One of the thing things that I like about Marseille is the quality of the concrete tower block design. I’ve been riding in taxis back and forth across the city with my father who is undergoing cancer treatment in various branches of the city’s healthcare system and appreciating the architectural tour I’m getting.

In the centre of town these blocks remind me of bookcases: two monolithic, slick sides between which span the concrete shelves, on which sit the apartments like colourful books. It’s fascinating to see the different ways that windows, balconies and staircases are articulated in these concrete buildings. I point out towering souring fin walls, beautifully articulated fire escapes, and how paint is used to express the different elements of the concrete structures.

The rocky hills that rise up behind Marseille keep the city hemmed in by the sea. Standing on the high ground platform of Notre Dame de la Gard in the middle of town, you can see clusters of distant tower blocks that seem to bravely climb the distant slopes of the edge of the city, like pilgrims. I’m used to seeing tower blocks standing imposingly against the flat, grey London sky, but here these structures are rendered tiny by the massive hills behind them.

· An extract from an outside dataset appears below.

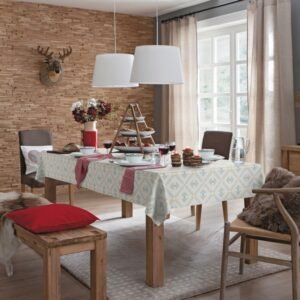 Wipe-clean easy care tablecloth.|Foodsafe.|Suitable for contact with food.|Can be used indoors and outdoors.|Can be ironed on reverse on a low setting.

What strikes me is the amount of labour that must have gone into building these concrete structures in what was probably a short space of time, and in such extreme conditions. One hospital we visit is a ten-story high ‘bar’ built along the rocky summit of a ridge high above the city. It’s as long as a stadium and brilliant white. The carpark, where we wait for our taxi, is blasted out of the rock – ranks of steel netting protect us from potential bolder falls from the row of hills above. This is protection equipment you’d expect to see high in the Alps, not in the middle of France’s second city.

From afar, the combination of sweeping jagged landscape interspersed with ordered rectilinear buildings that rise between the trees looks like a modernist utopia. I get a closer look when I ride the metro M1 to its terminus at La Rose. The train climbs into this suburb along a curving viaduct built above the road, which sweeps between the apartment blocks like a python on stilts. The station is in the sky, held aloft by giant concrete columns. Escalators lower passengers to the waiting buses at the interchange below.

I feel a sense of great vision and purpose when I encounter places like these. The city system organised in a logical diagram, printed in concrete, to create decent places to live. And sadness too, because despite the great effort and vision, the diagram doesn’t work. To walk from the station to the hospital where I was visiting my father in the afternoon heat is almost unbearable. The space between the buildings is abandoned to cars and the sun. I follow the snaking shadow of the metro viaduct just to keep out of the heat.

I realise what’s missing is trees. The concrete towers are only one part of the modernist vision. The idyl of towers in the park has two components, and without the latter the former become a much grimmer prospect.

One place where I do find shade and respite is in the grounds of the hospital where my Dad is staying. The hospital is a converted convent surrounded set in beautiful parkland. And it is in the shadow of the pines here that I find a more surprising, and distinctly un-modernist use of concrete. In an nook by the side of the path a statue of the Virgin Mary stands in the opening of a cave, above a spring water pool. But on closer inspection, the edges of the cave entrance seem to be breaking away. Then I realise, the cave is made of concrete.